Record excerpts:

=== Section Start ===

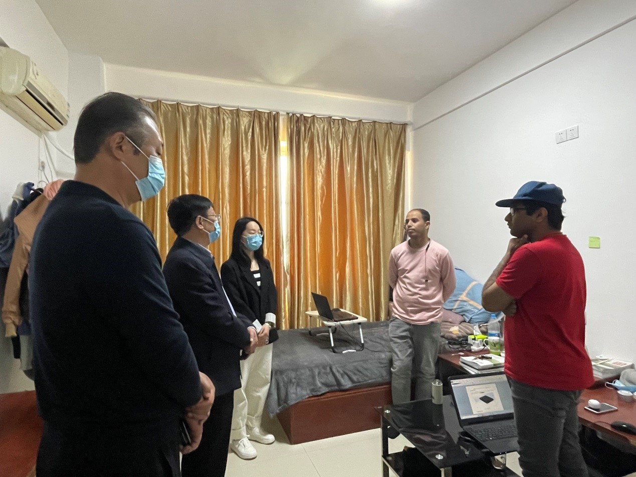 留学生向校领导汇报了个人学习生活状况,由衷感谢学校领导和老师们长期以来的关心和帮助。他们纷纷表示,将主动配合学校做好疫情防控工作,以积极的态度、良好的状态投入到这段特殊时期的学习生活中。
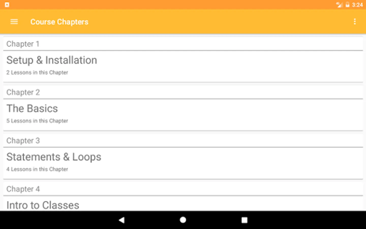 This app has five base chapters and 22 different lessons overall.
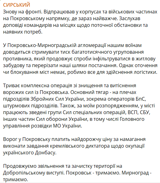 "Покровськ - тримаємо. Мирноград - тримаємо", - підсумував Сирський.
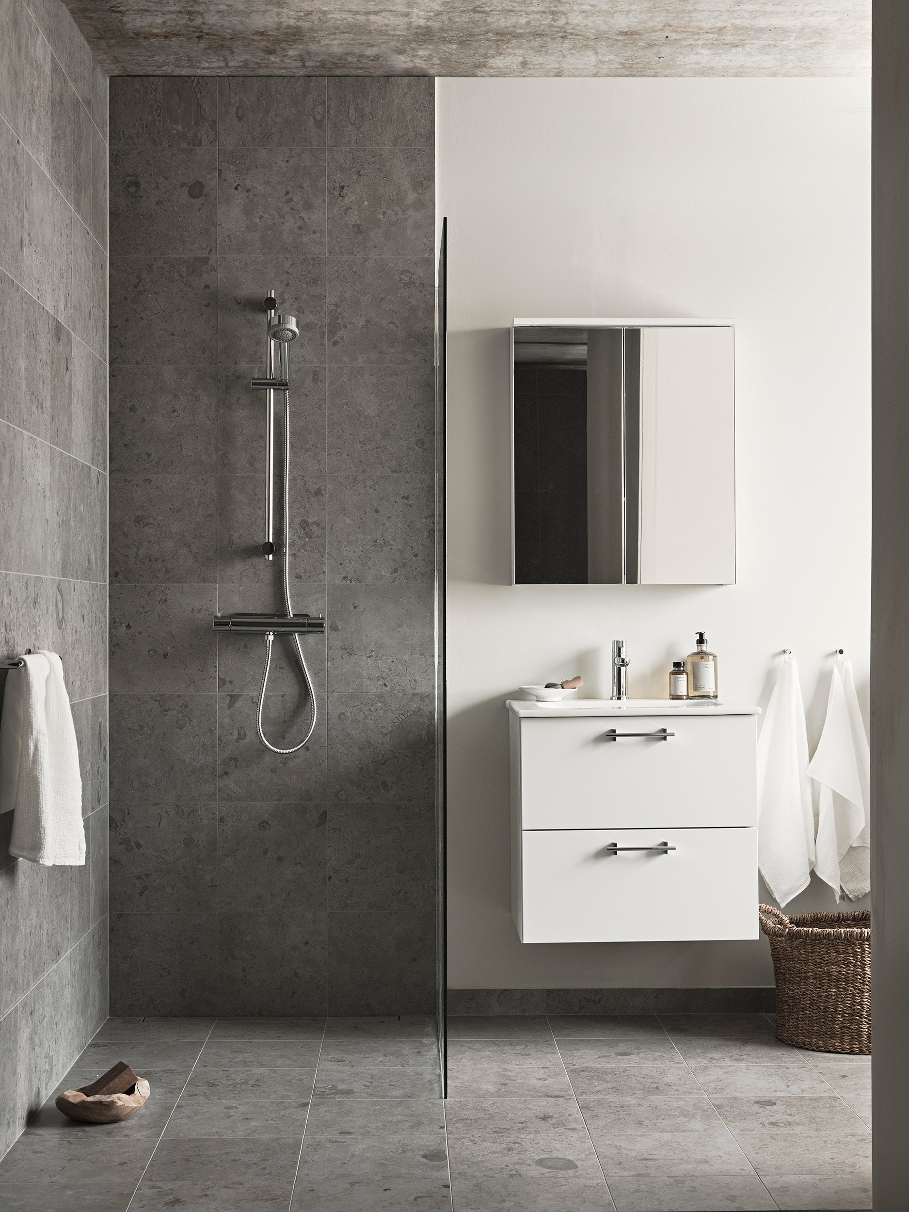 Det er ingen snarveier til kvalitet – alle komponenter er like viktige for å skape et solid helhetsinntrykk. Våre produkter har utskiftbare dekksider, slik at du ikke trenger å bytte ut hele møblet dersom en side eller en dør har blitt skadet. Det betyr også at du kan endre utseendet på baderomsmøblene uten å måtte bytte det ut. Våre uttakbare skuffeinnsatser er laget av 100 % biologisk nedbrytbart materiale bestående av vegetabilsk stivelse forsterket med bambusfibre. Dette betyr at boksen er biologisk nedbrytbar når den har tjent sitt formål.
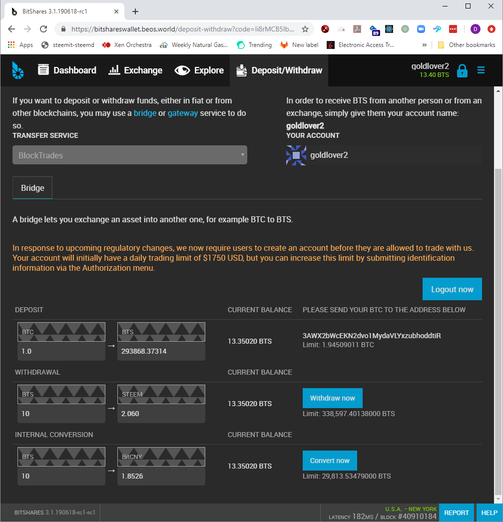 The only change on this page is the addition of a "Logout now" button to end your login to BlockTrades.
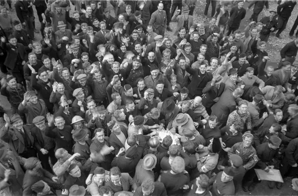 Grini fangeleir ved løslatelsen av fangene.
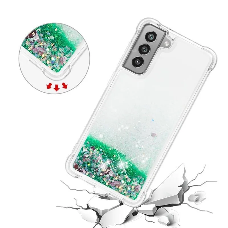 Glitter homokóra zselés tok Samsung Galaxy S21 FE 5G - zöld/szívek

=== Section End ===
=== Section Start ===

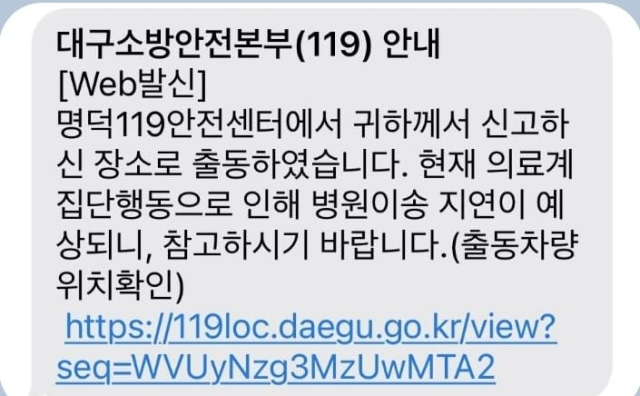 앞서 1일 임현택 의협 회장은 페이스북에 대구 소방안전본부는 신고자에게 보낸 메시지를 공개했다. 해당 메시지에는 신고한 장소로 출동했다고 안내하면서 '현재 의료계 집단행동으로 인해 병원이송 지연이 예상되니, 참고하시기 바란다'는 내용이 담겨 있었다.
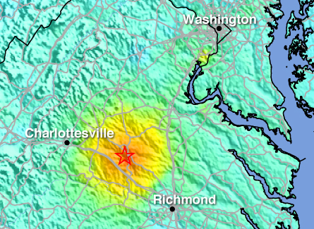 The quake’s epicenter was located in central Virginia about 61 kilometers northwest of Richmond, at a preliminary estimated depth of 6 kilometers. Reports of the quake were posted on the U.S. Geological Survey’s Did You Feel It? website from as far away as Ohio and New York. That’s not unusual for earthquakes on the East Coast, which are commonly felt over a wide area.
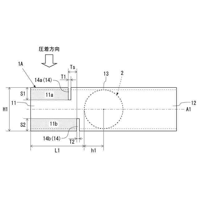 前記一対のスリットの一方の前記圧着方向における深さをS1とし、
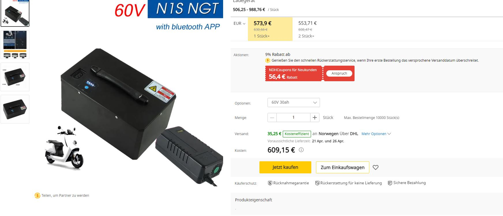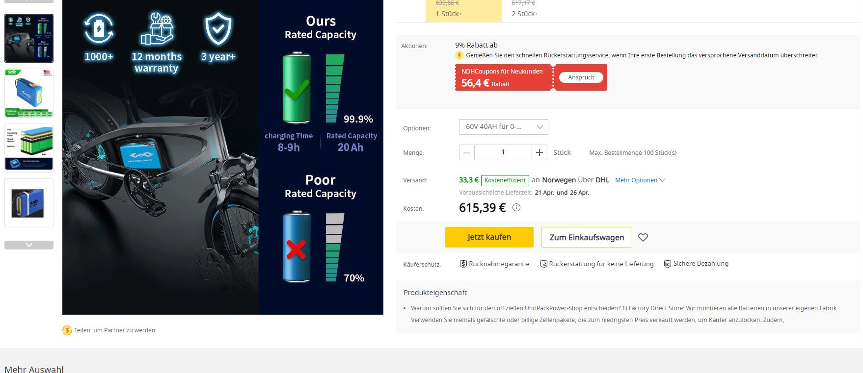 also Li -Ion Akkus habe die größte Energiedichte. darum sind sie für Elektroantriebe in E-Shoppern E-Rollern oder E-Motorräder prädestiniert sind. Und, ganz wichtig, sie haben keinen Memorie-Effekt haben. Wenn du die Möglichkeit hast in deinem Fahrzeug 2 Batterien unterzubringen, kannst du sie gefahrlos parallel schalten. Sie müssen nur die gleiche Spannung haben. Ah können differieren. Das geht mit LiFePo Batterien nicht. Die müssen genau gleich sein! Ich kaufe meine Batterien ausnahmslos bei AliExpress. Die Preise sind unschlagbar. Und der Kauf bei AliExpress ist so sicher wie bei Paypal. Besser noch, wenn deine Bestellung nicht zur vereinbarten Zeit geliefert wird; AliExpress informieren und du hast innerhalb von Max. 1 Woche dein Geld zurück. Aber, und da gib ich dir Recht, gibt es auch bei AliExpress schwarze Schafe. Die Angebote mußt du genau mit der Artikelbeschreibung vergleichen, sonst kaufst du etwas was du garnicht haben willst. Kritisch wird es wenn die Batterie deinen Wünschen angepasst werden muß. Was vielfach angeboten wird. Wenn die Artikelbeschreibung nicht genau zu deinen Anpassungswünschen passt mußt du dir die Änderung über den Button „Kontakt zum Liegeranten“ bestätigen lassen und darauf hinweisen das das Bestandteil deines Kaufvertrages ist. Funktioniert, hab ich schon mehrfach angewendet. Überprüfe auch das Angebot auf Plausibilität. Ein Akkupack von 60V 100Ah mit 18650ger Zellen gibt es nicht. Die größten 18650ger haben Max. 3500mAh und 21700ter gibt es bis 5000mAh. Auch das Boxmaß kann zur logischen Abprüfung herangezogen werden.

=== Section End ===

Task statement: Copy word for word the span of the records above that begins at the line with "留学生向校领导汇报了个人学习" and ends at the line with "- підсумував Сирський.", including those two lines but not the pictures.

Answer for the task:
 留学生向校领导汇报了个人学习生活状况,由衷感谢学校领导和老师们长期以来的关心和帮助。他们纷纷表示,将主动配合学校做好疫情防控工作,以积极的态度、良好的状态投入到这段特殊时期的学习生活中。
 This app has five base chapters and 22 different lessons overall.
 "Покровськ - тримаємо. Мирноград - тримаємо", - підсумував Сирський.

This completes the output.